Get Us On The Court And We're Trouble



aka club ilwtt - autumn 2008. date: yes. time: yes. venue: yes. the tracks were these.

the elementz featuring scorzayzee "voyage" (from"crushmode" cd lp on occupy your mind)

yep, you read it right: featuring scorzayzee. yay. one of notts' many finest is *BACK* and is still the master storyteller, with the ability to deliver reality like no other (e.g. "great britain" w/ the p brothers) and heartfelt, kitchen sink empathy like no other (just like on "want what's yours" with styly cee, all the way back in day). oh, and he's still got a killer flow. actually, the elementz record is pretty tight, especially with skinnyman's "high grade" and with wretch and mates killing it on "at 1 with the elementz", but we're afraid any track with scorz on it is gonna upstage all-comers, and this he duly does. on another level.

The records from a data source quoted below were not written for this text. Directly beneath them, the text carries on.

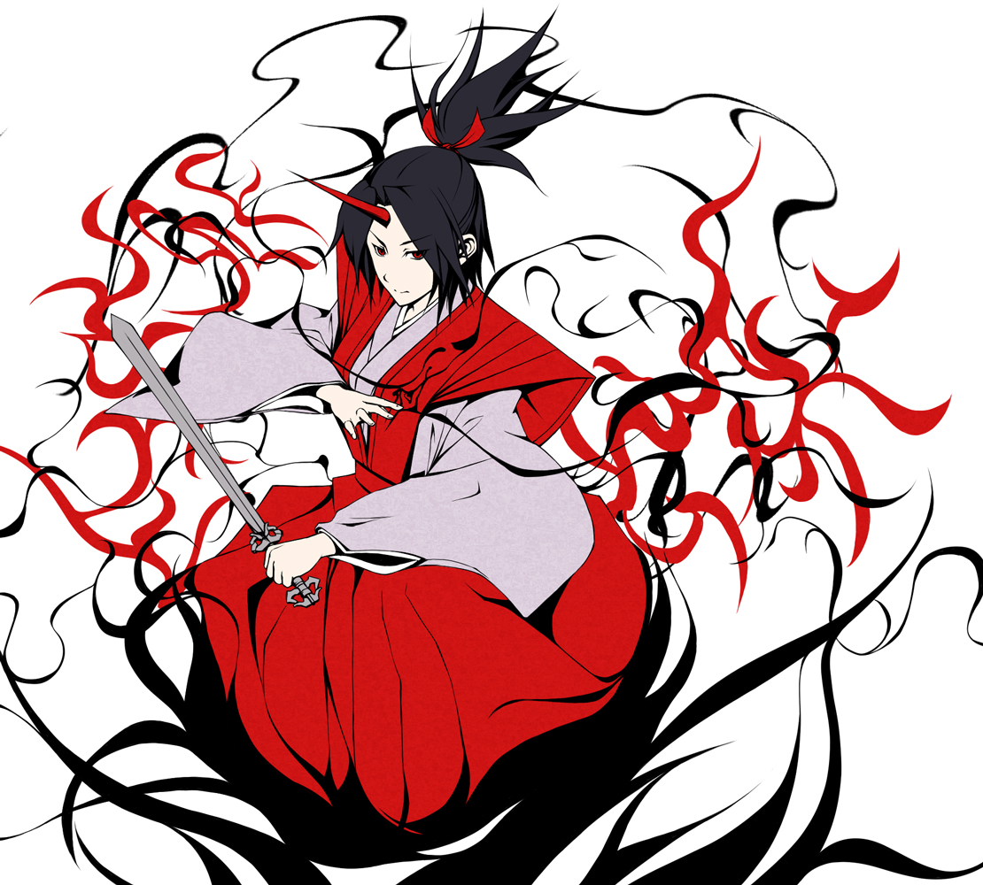 1girlfemale focushakamahakama skirthornsjapanese clotheskimonoleft-handedlong hairponytailred eyesred hakamasingle hornskirtsoloswordweapon
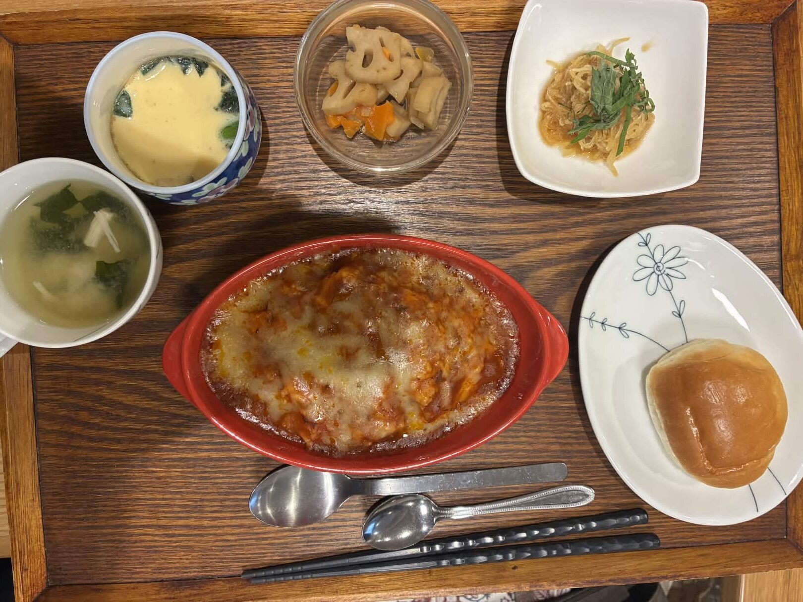 付け合わせは、ごはん・レンコン甘辛炒め・大根とじゃこのサラダ・味噌汁・茶碗蒸しです。
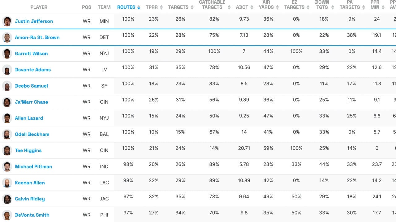 In Week 1, he stepped right back into his role as the no. 1 guy on the Lions. He ran 100% of the team’s routes, and had 28% of the team targets.
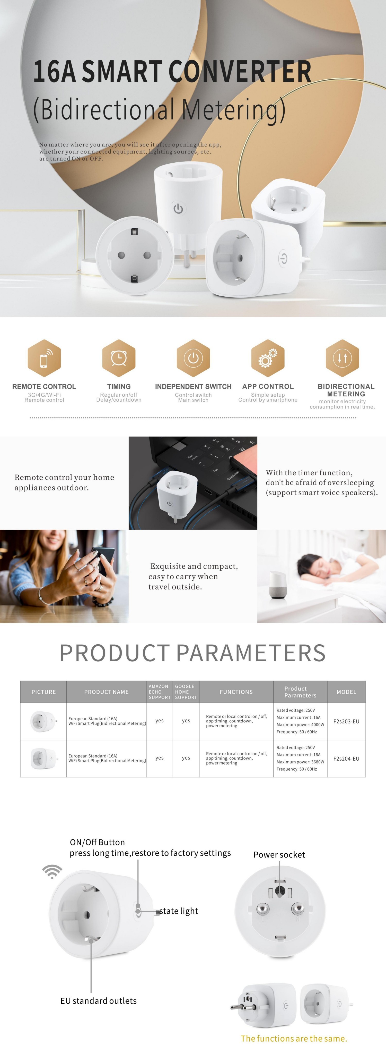 16A EU WiFi Smart Plug with Bidirectional Metering/Timmer Intelligent Electrical Power Socket Outlet Work with Alexa/Google Voice Control
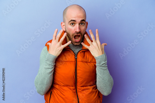 Young caucasian bald man isolated on purple background showing number ten with hands.
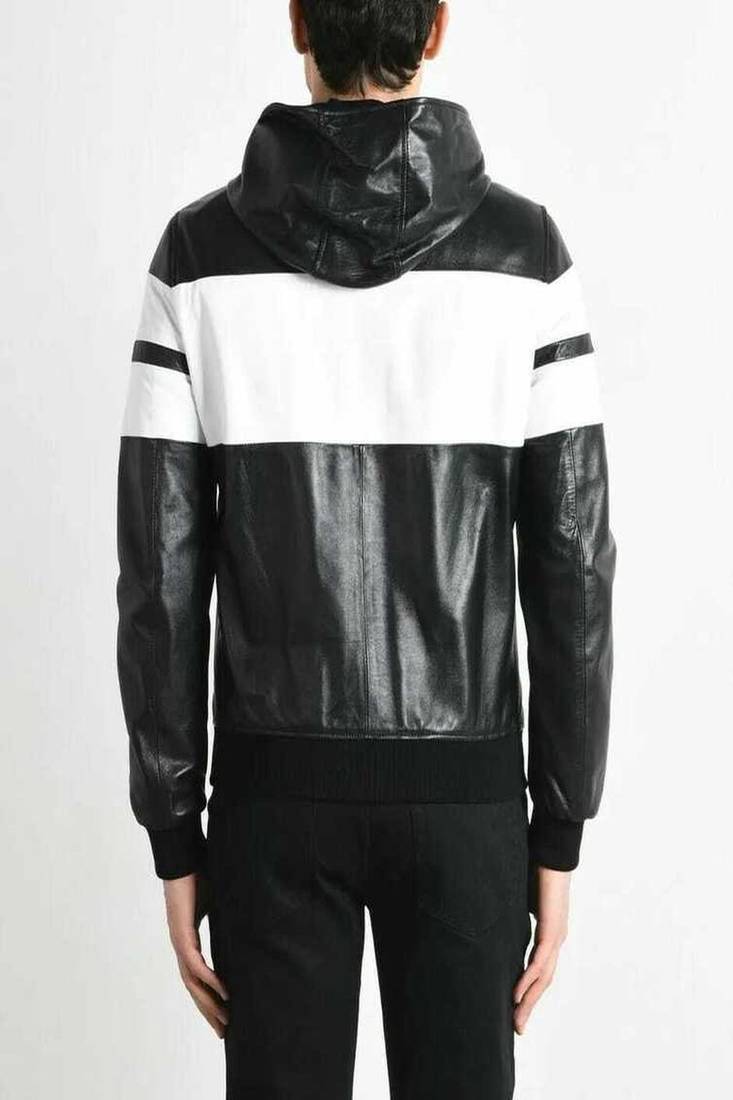 | Product Name | Men's Black & White Lambskin Leather Jacket Simple Ribb Cuffs Motorcycle Biker Style | |
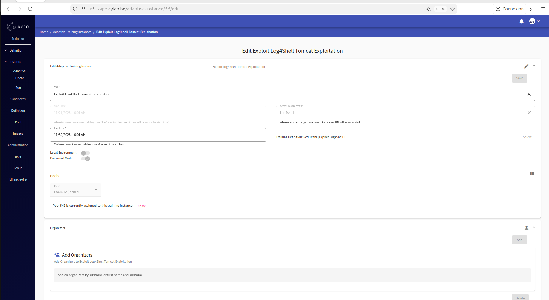 As the following screenshot shows, the KYPO interface allows us to define sandboxes and pools, configure trainings, and create instances of them. From this point, we proceeded to define our training called “Log4Shell Exploitation Lab.”
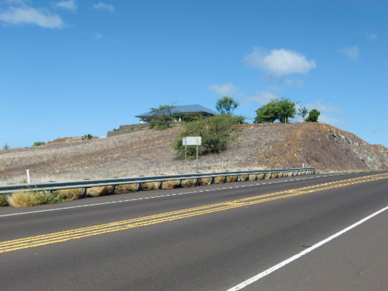 溶岩のゲート。クイーンKはもうすぐ終わる。帰りはあと50kmという目安。ハビの難所から、帰ってきたという気になる場所。 ここは冨田さんが、帰ってきたと感じるゲートだと話していたやつだ。 影が長くひんやりとして気持ちがよい。 まだ朝早いからだ。 レースの時は、太陽が真上から逃げ場なく、容赦なく照りつけるのだろう。 クイーンK(19号)が終わり、ハビ行き(270号)とワイメア行き(19号)の分かれ道に到着。カワイハエという所。
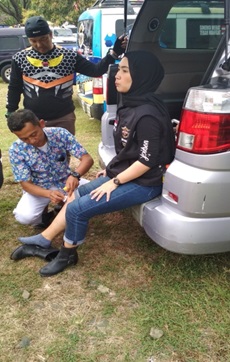 sedang mengobati luka ringan salah satu peserta konvoi yang terjatuh.
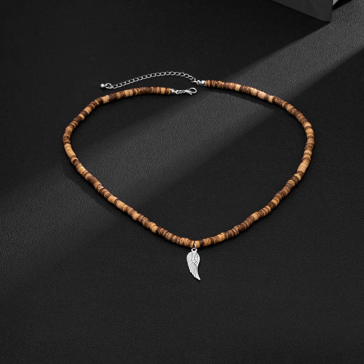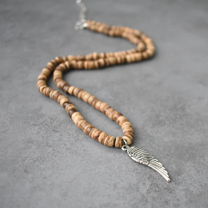 Details: This necklace combines a string of earthy rustic wooden beads with an antique-finished wing pendant, creating a piece that embodies the protective spirit of nature that feels both grounded and ethereal. The warm, natural wooden beads lead to a beautifully detailed wing pendant, symbolizing freedom and adventure. The intricate feather details on the pendant add a vintage charm, making it a versatile accessory for any occasion. Perfect for those who love to explore and express their unique style.
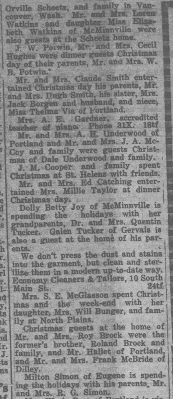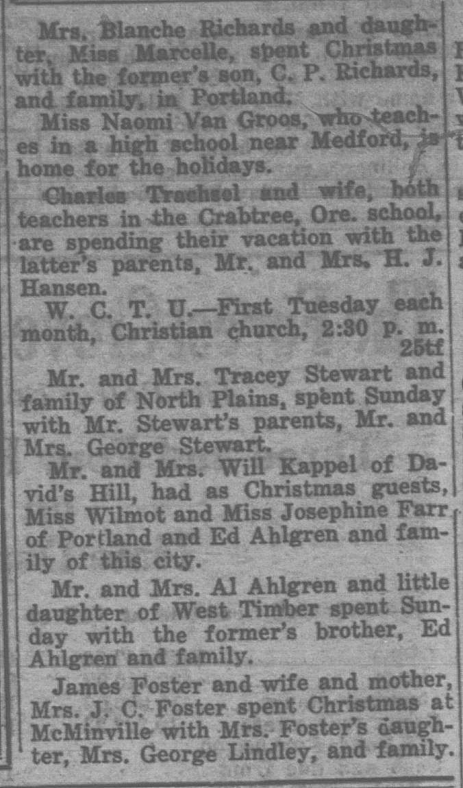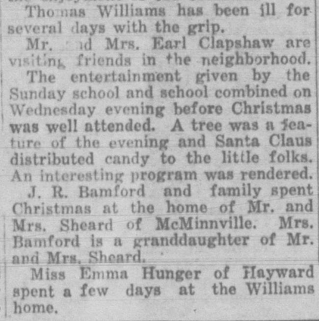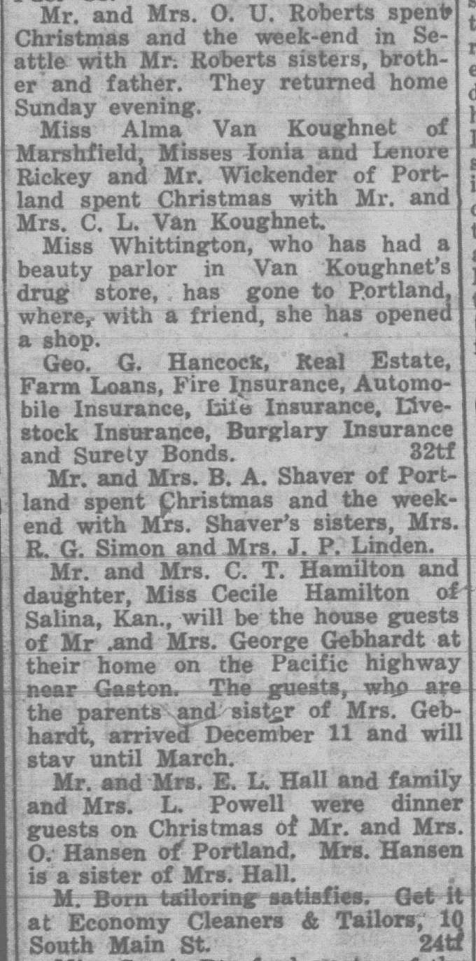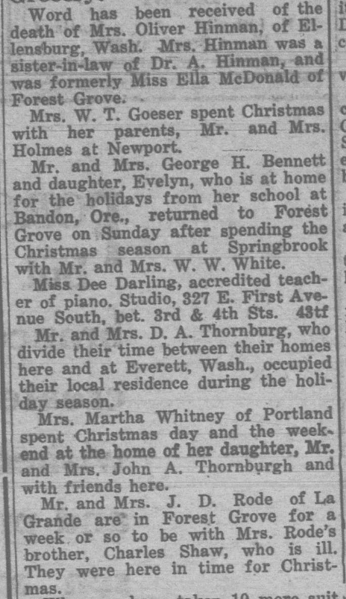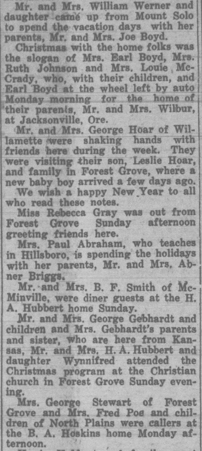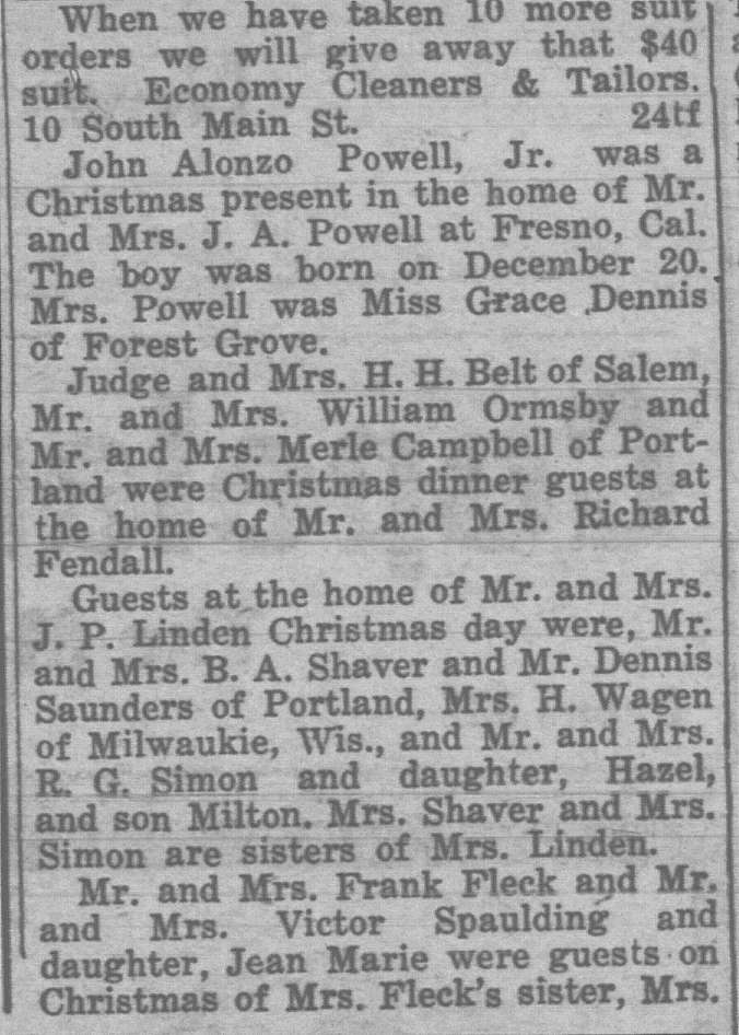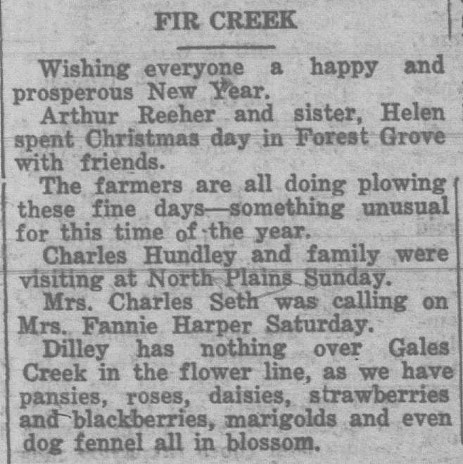 In this column, we take a look back one hundred years ago in Forest Grove, Banks, Gales Creek, and other rural communities in western Washington County. This week, the clips come from the Washington County News-Times and the Hillsboro Argus, eachpublished December 31, 1926.

scorzayzee "why i'm here" (myspace track)

did we mention, scorz is back ? this one explains why, an effortless freestyle about self-discovery, self-restraint, poverty, inspiration and coming good. ah, honestly, having him back is completely brilliant. we know it was rakim who said "i came back to bless the mic", but this feels like our own returning hero doing just the same.

tempa "freestyle" featuring jaybe (myspace track)

a real positive to see that tempa is still around, too, as it's some time since "ya get me" ruled the decks, and she's still interested in delivering um, truth to the youth, packing the sort of punch we took from no.lay on the latter's recent mixtape. plus, young jaybe marks himself out here as one to watch: here's keepin' it crossed for more, much more from the both of them.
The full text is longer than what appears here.